Awww! Look at Ziggy  I mean Dooby! hehe *I had to do that-sorry*
He looks so cute all in the Christmas spirit! This will be 4 of my babies first Christmas also: Ziggy, Kiwi, Sugar and Limu.


----------



## Bea (Jul 26, 2007)

Hehe, i think red is Dooby's colour, his hat looks good.


----------



## birdieness (Jul 28, 2007)

awww that is soooo cute.
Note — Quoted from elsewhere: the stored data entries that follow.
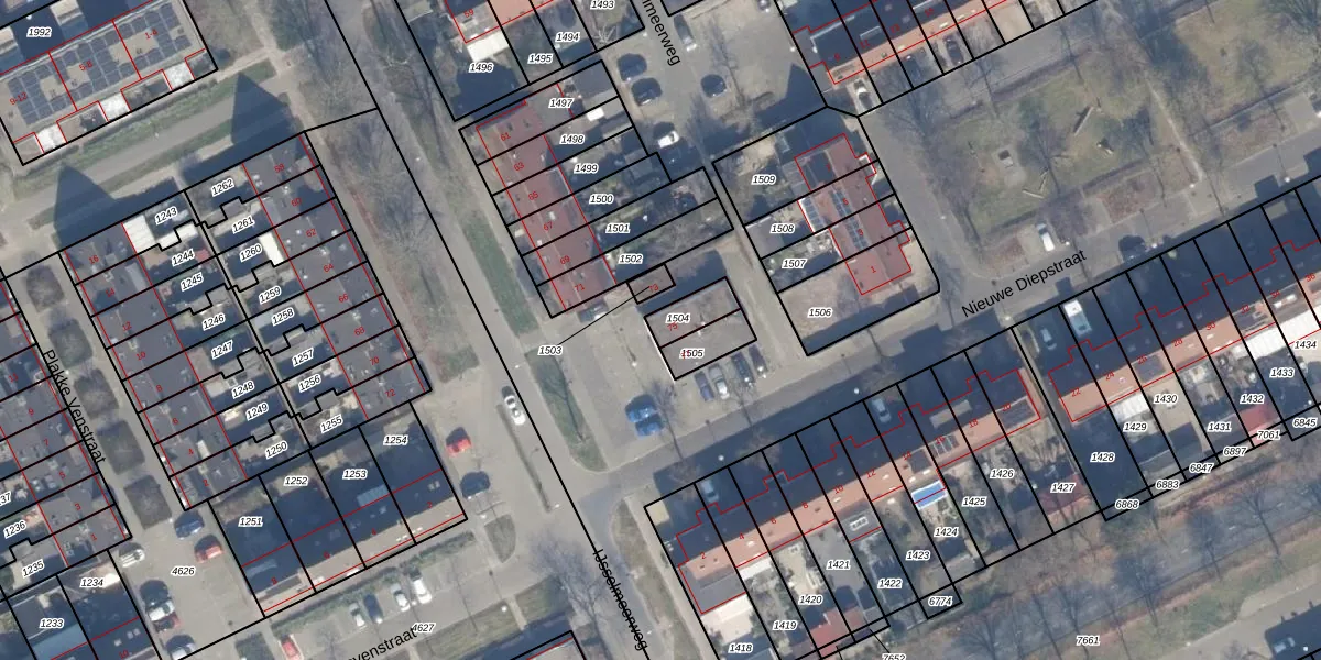 Het adres ligt op het perceel AMR04-O-1504, dat zich in de kadastrale gemeente Almere bevindt. De gemiddelde perceelgrootte in Almere is 3327,75 m². Dit perceel is kleiner: de perceeloppervlakte bedraagt 73 m². Het kleinste perceel in de kadastrale gemeente is 0 m² groot. De grootste perceeloppervlakte is 32,12 km². Er zijn geen andere adressen aanwezig op het perceel. De huidige grenzen van het perceel zijn digitaal in de Basisregistratie Kadaster (BRK) geregistreerd op 18-07-2008.
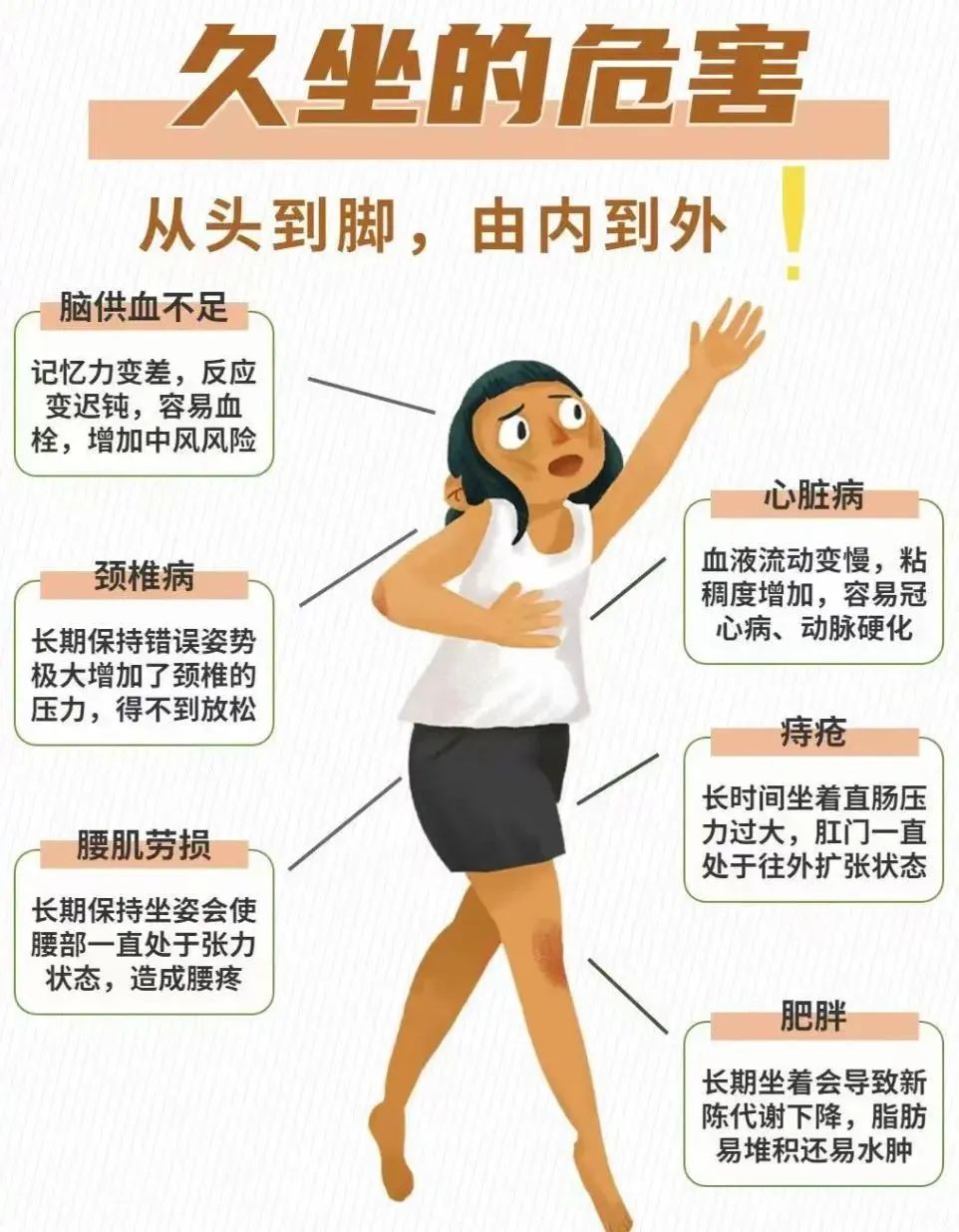 你是不是每天久坐超过8小时,走到哪坐到哪儿?看看这些“久坐*病”你中招了几个?
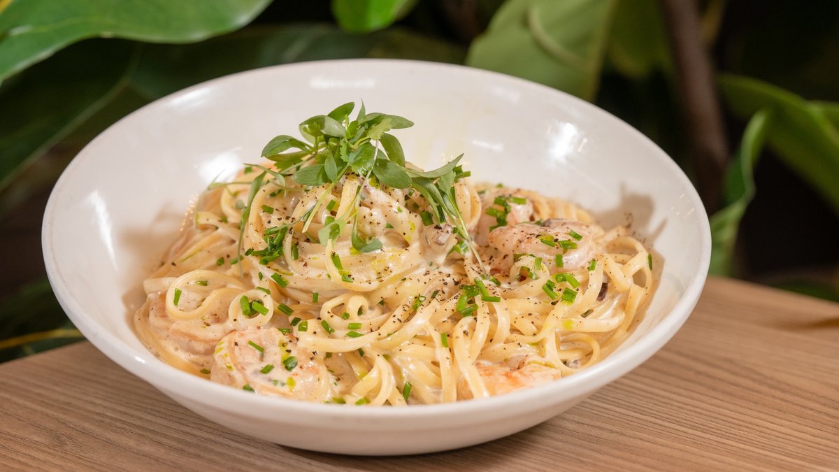 • Pennes or linguine pasta • Shrimp (8 pcs) • Fresh cream • Parmesan cheese • Chives • Green oil
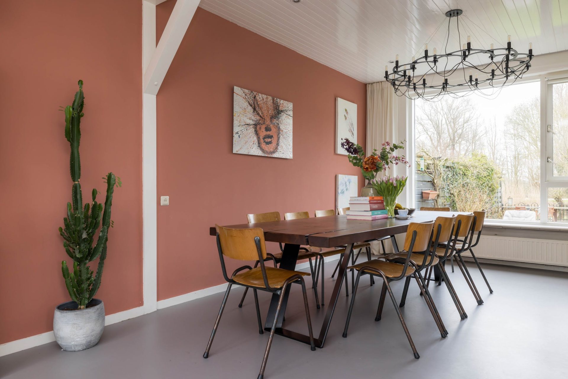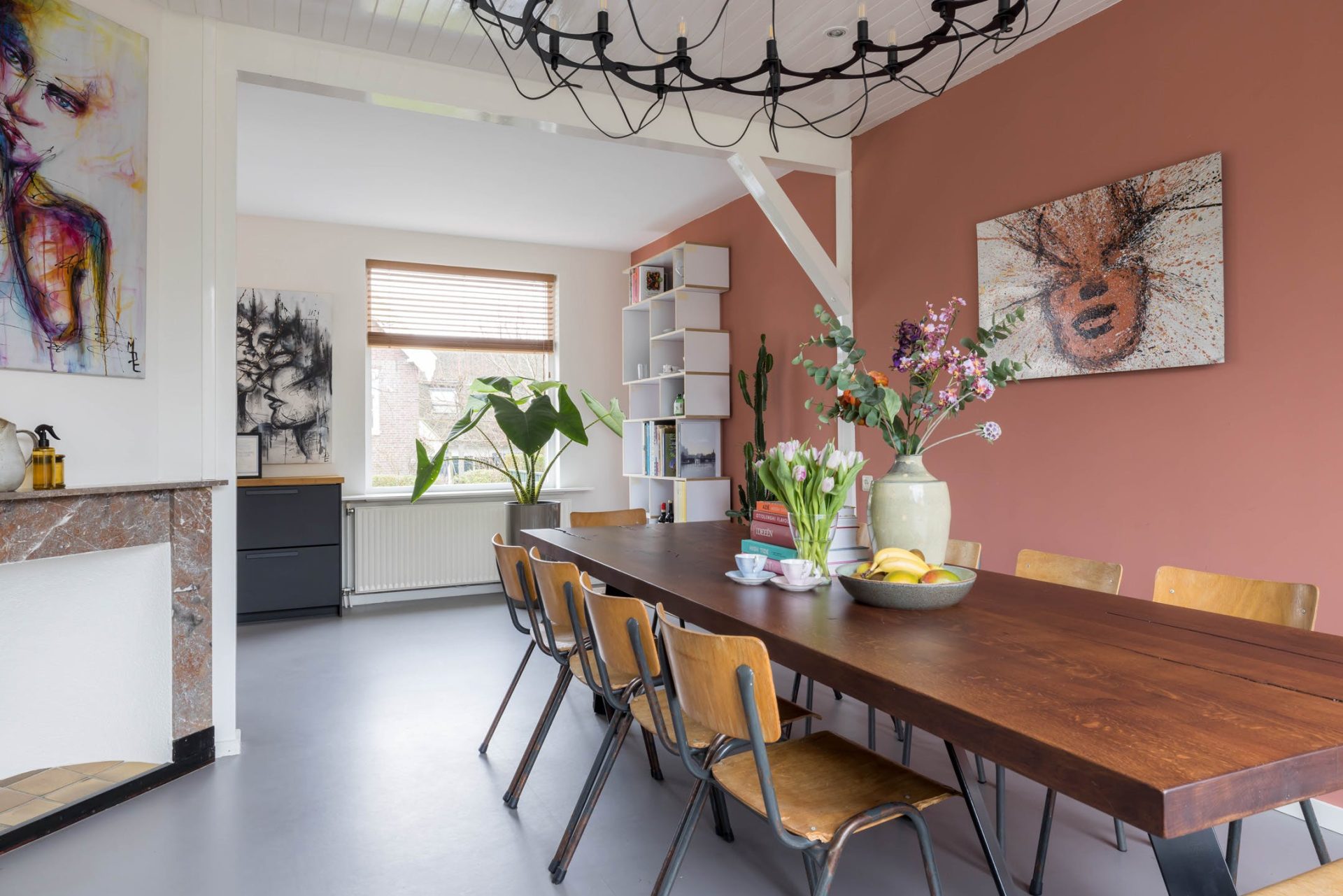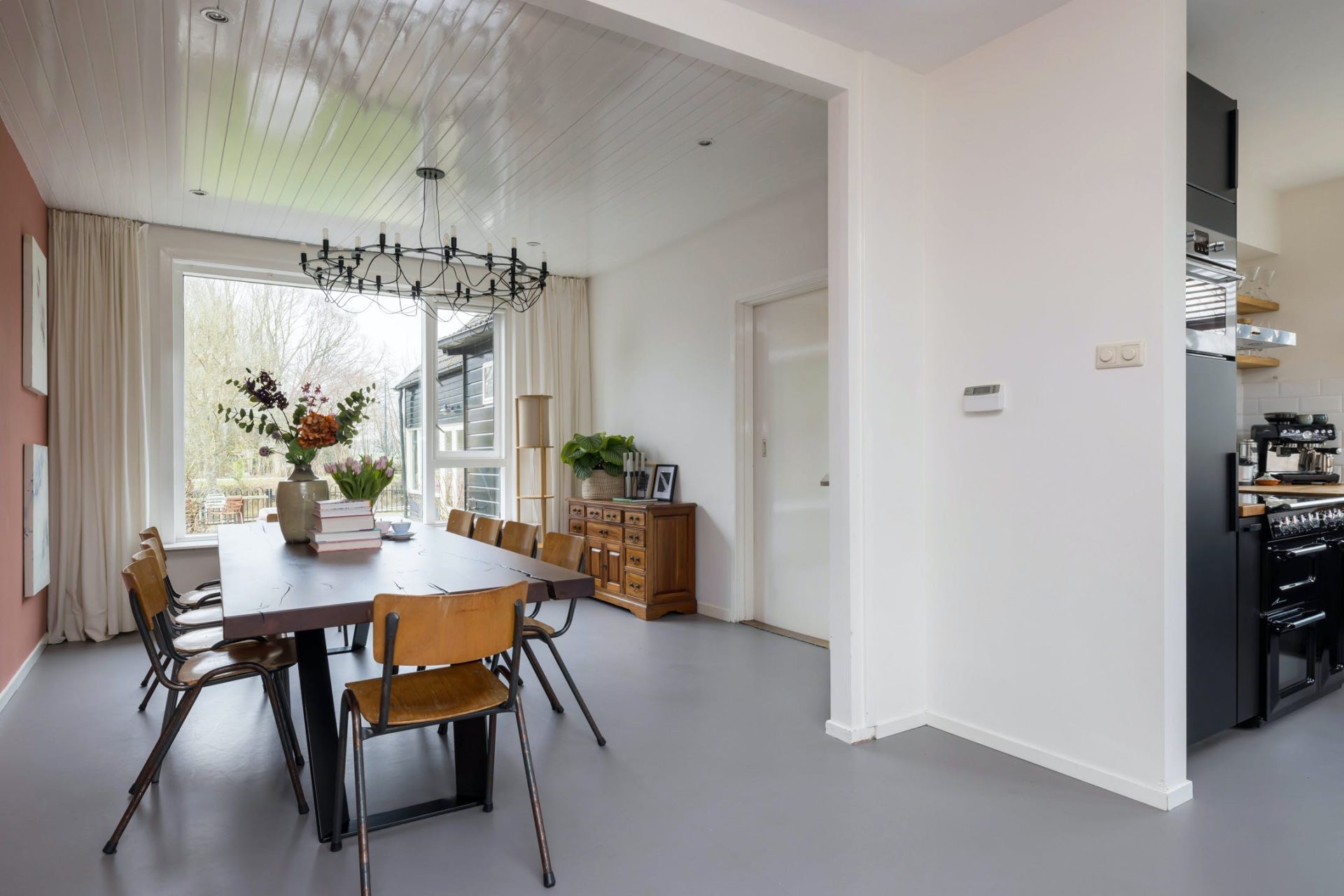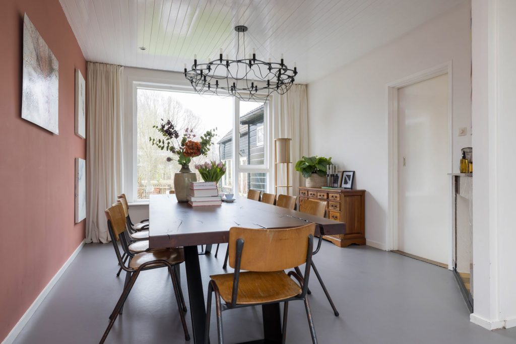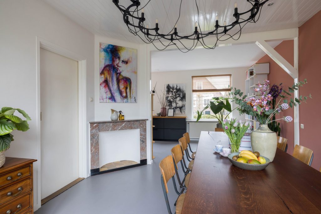 De woning is verdeeld in een voor- en een achterhuis waardoor er veel meer ruimte is dan de buitenzijde doet vermoeden. Vanuit de zeer ruime hal is de prachtige woonkeuken te bereiken met grote ramen aan de voor- en achterzijde. Voorheen was dit de woonkamer maar nu is dit de plek om bezoek te ontvangen, te koken en samen te eten.
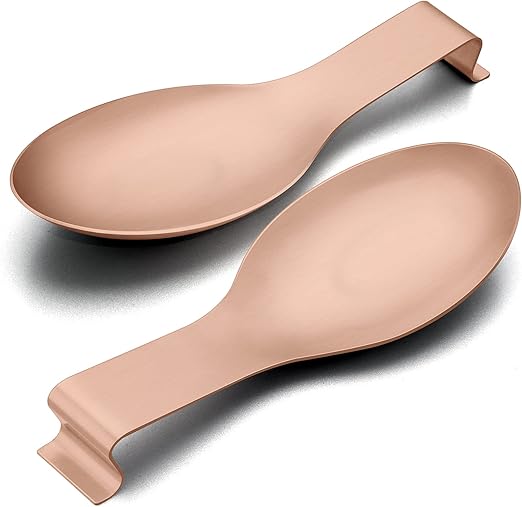 Spoon Rest Set of 2, E-far Stainless Steel Rose Gold Spoon Ladle Holder, Metal Copper Spatula Rest for Kitchen Stove Top, Large Size & Dishwasher Safe
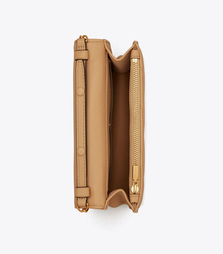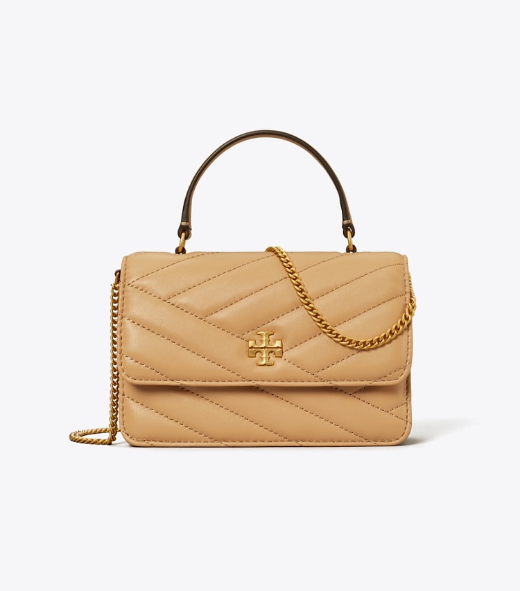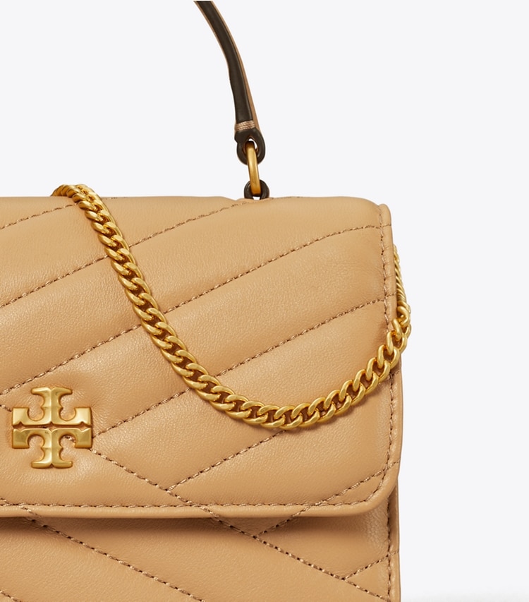 The Mini Kira Top-Handle Chain Wallet is made of soft chevron-quilted leather and features our Double T as graphic turn-lock hardware. Carry it by the top handle or with the chain shoulder strap.?Height: 4.5" (11.5cm); length: 6.9" (17.5cm); depth: 2.2" (5.5cm)Napa leatherFlap with magnetic snap closureTop handle with 3" (7.5cm) drop; adjustable, removable chain strap with 22.2" (56.5cm) drop1 interior zipper pocket, 2 interior back wall card pocketsQuilting techniqueDust bag included
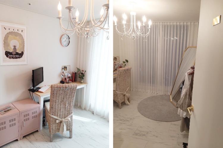 그래서 그런지 핑크 벽지와 너무 잘 어울려요^^ 살짝 로코코 느낌으로 하고 싶었는데 느낌을 잘 살린 거 같아요.
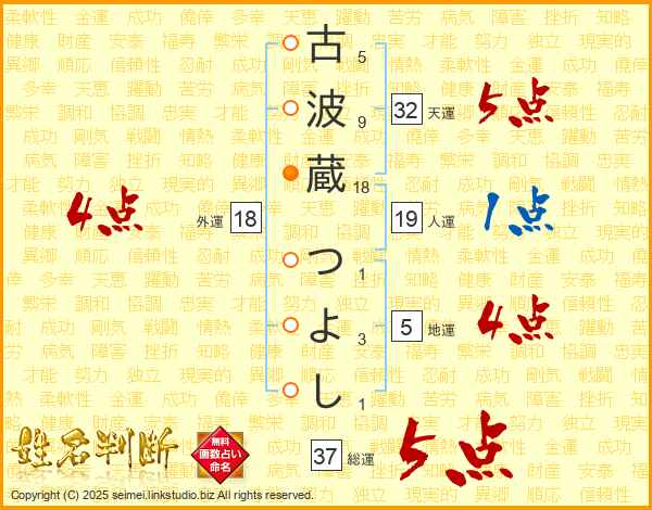 古(5画)波(9画)蔵(18画) つ(1画)よ(3画)し(1画)
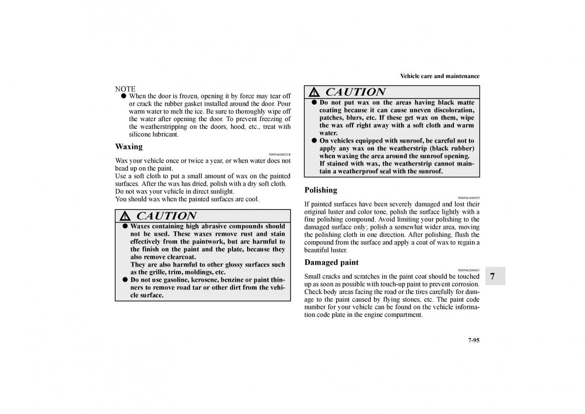 Waxing ●On vehicles equipped with sunroof, be careful not to
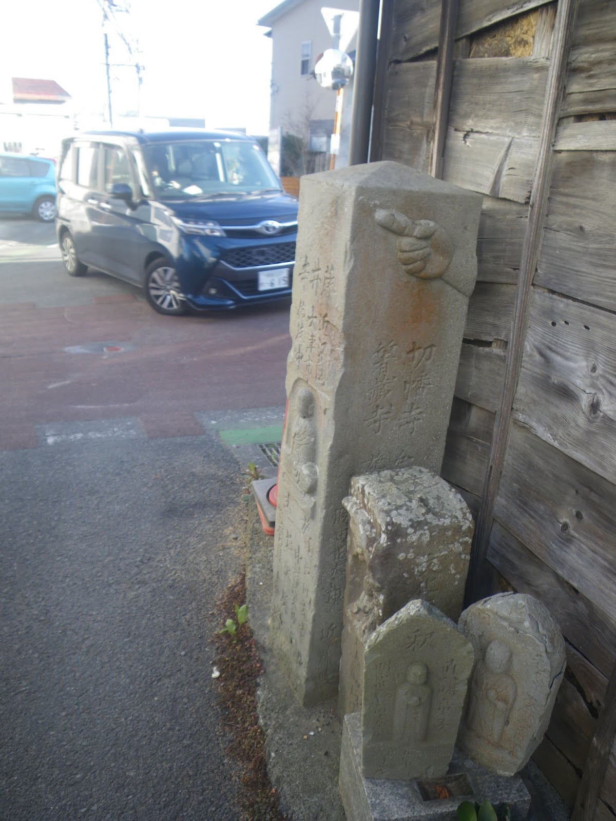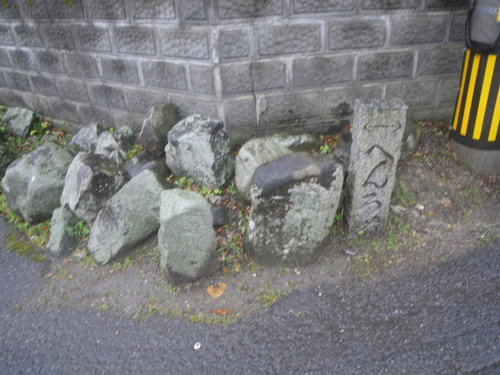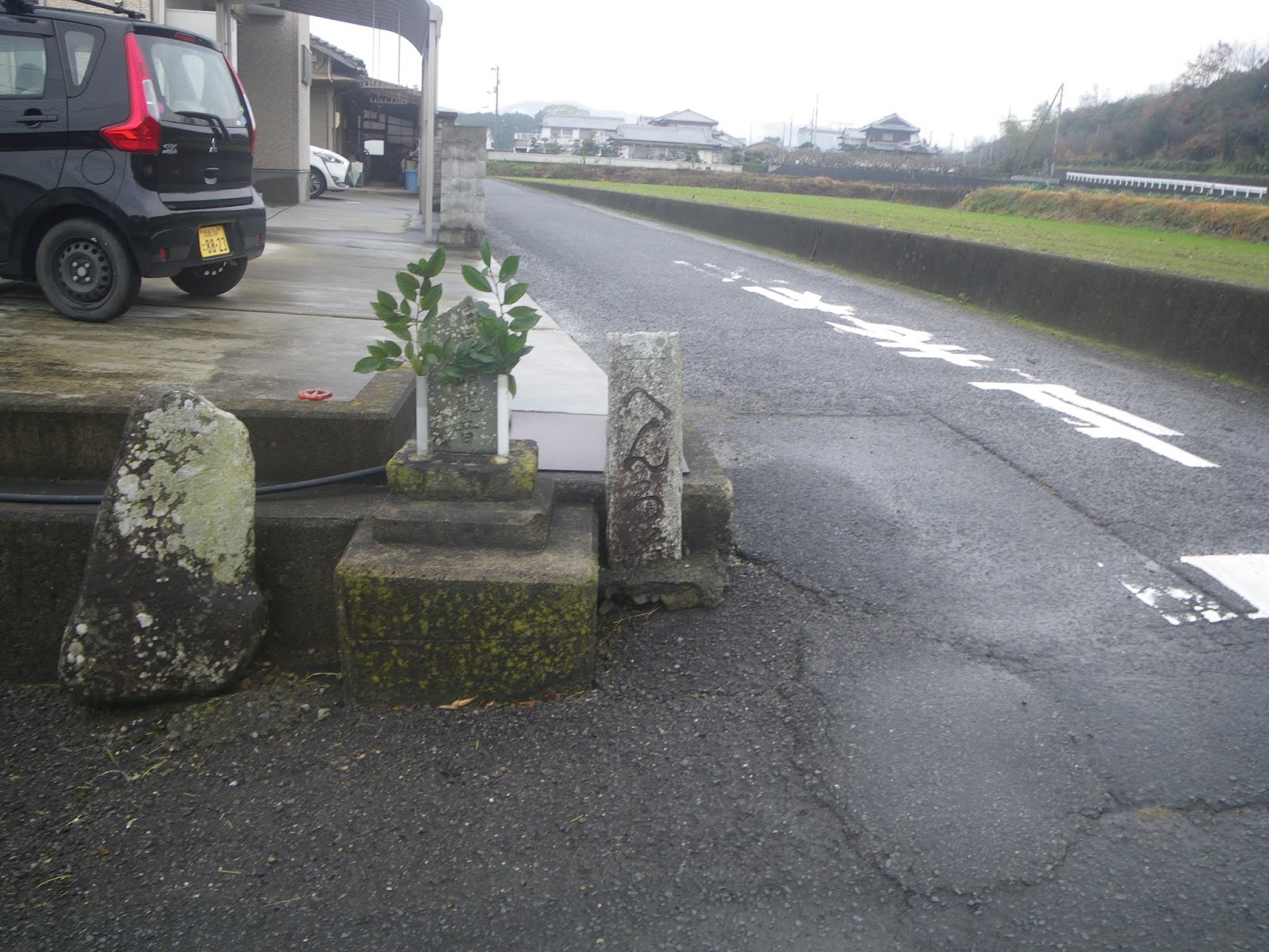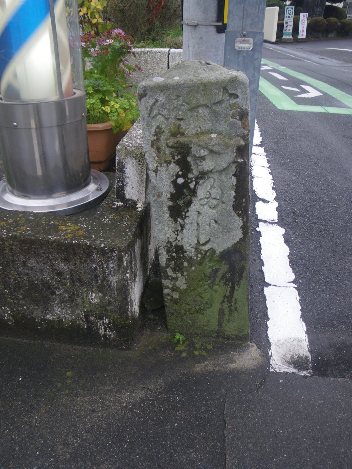 弧を描く道を県道に戻ると合流点に壊れた石造物が集められそこに4基の標石が見える。

What a looker aswell.


----------



## Laura (Jul 30, 2007)

What a cutie Dooby is  I love the hat, hat's look good on him ....hehe


----------



## Rosie (Aug 27, 2007)

LOL, that is too cute!  Dooby's getting is the festive spirit!


----------



## xxxSpikexxx (Jul 30, 2007)

That is too funny  Red is his colour


----------



## Plukie (Aug 26, 2007)

LOL!! You don't think the red clashes with his orange cheeks then?


----------



## Squeak_Crumble (Oct 2, 2007)

yeah he lookes perfect(and funny lol)!!!!!!!!!!!!!!!!


----------



## Squeak_Crumble (Oct 2, 2007)

now he does!!!!!!!!!!_but hes secretly planning to take over christmas and give all the presents to the ...............birds!!!!!!!!!! dun dun dun dunnnnnnnnnnnnnnnnnn_


----------



## Plukie (Aug 26, 2007)

Oh no!!! Dooby and his dodgy dealings!!!!


----------



## Squeak_Crumble (Oct 2, 2007)

lol !!!!!!!!!!!


----------